■ **About this exercise**: An exact transcription of every record is needed, leaving out the pictures.

────────

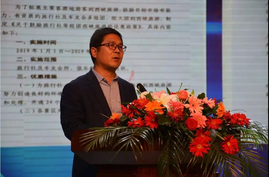 西峽縣文化廣電和旅游局局長萬方宣讀《關(guān)于獎勵2019年度組團旅行社的決定》
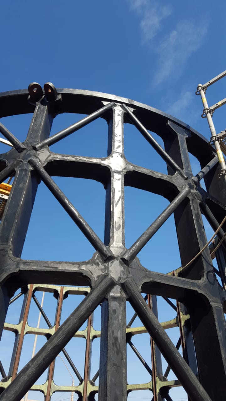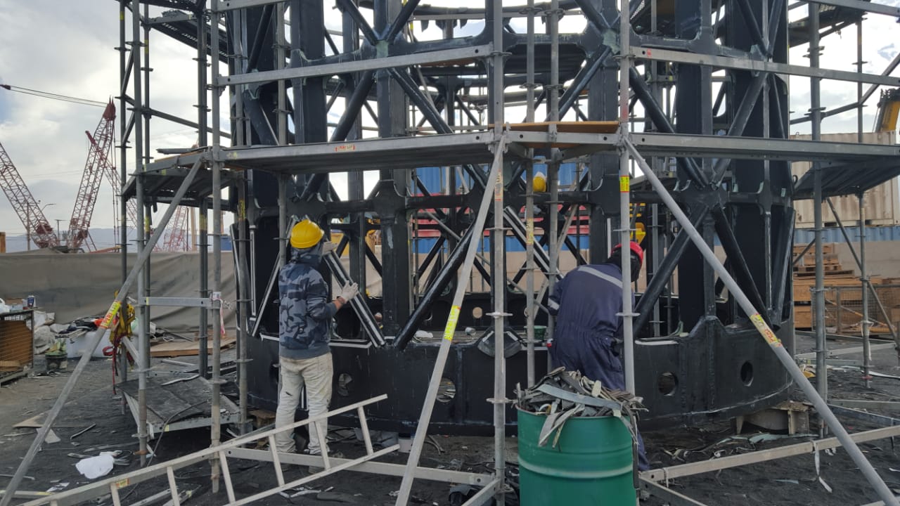 - Andamiaje: Perimetral completo para trabajo en altura sobre el cilindro
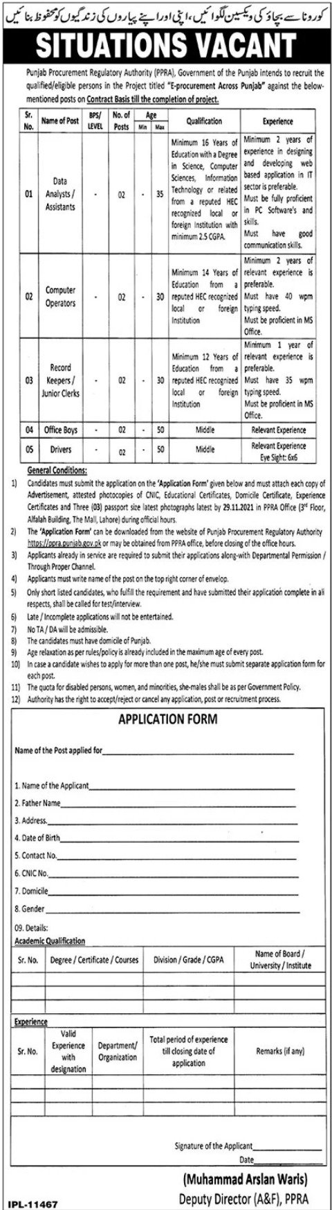 Latest Public Procurement Regulatory Authority Management Posts Lahore 2025
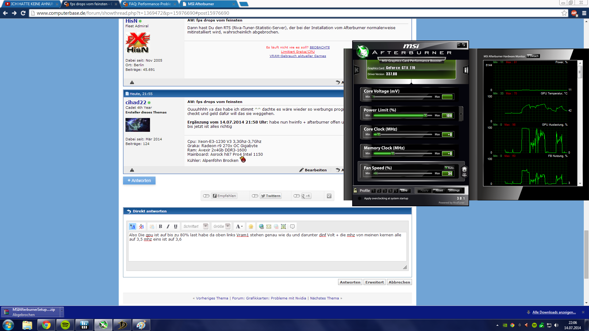 Hallo Leute ich hatte schon mit meiner amd r9 270x fps drops und die karte war etwas defekt also habe ich mir eine neue gekauft da ich dachte es liegt an der r9 nun habe ich eine gtx 770 jetstream oc und habe in manchen spielen fps drops von bis zu 250 fps ich spiele z.b Dragon Nest und jedesmal wenn ich eine Gruppe von Monster kille oder ein skill mache dropt es von 250-300 auf 50-70 + Standbild dann kommt es wieder auf 300-250 woran kann das liegen als ob die graka jetzt alles abchecken muss und erst dann das spiel flüssiger läuft so kommt es mir zumindest vor oder es liegt an einer anderen sache habe V-sync an und aus gemacht bringt nix kann mir da jemand helfen?
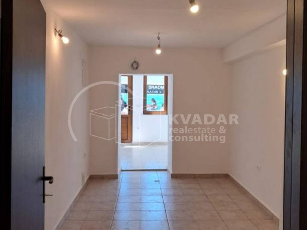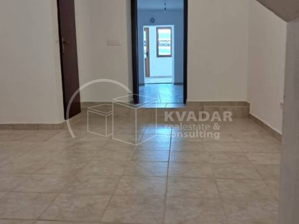 U prizemlju kuće nalazi se poslovni prostor od 49,82 m2, koji je potpuno novouređen i može se koristiti za ugostiteljske usluge, obzirom na lokaciju, stepenište od 9,69 m2, koje vodi do stana na 2.katu od 63,42 m2( pred ulaz, kuhinja sa blagovaonicom, dnevni boravak, velika kupaonica sa tuš kabinom, spavaća soba i velika lođa sa prekrasnim pogledom na more) te visoko potkrovlje od 57,62 m2.

────────

■ **Exercise result**:
 西峽縣文化廣電和旅游局局長萬方宣讀《關(guān)于獎勵2019年度組團旅行社的決定》
 - Andamiaje: Perimetral completo para trabajo en altura sobre el cilindro
 Latest Public Procurement Regulatory Authority Management Posts Lahore 2025
 Hallo Leute ich hatte schon mit meiner amd r9 270x fps drops und die karte war etwas defekt also habe ich mir eine neue gekauft da ich dachte es liegt an der r9 nun habe ich eine gtx 770 jetstream oc und habe in manchen spielen fps drops von bis zu 250 fps ich spiele z.b Dragon Nest und jedesmal wenn ich eine Gruppe von Monster kille oder ein skill mache dropt es von 250-300 auf 50-70 + Standbild dann kommt es wieder auf 300-250 woran kann das liegen als ob die graka jetzt alles abchecken muss und erst dann das spiel flüssiger läuft so kommt es mir zumindest vor oder es liegt an einer anderen sache habe V-sync an und aus gemacht bringt nix kann mir da jemand helfen?
 U prizemlju kuće nalazi se poslovni prostor od 49,82 m2, koji je potpuno novouređen i može se koristiti za ugostiteljske usluge, obzirom na lokaciju, stepenište od 9,69 m2, koje vodi do stana na 2.katu od 63,42 m2( pred ulaz, kuhinja sa blagovaonicom, dnevni boravak, velika kupaonica sa tuš kabinom, spavaća soba i velika lođa sa prekrasnim pogledom na more) te visoko potkrovlje od 57,62 m2.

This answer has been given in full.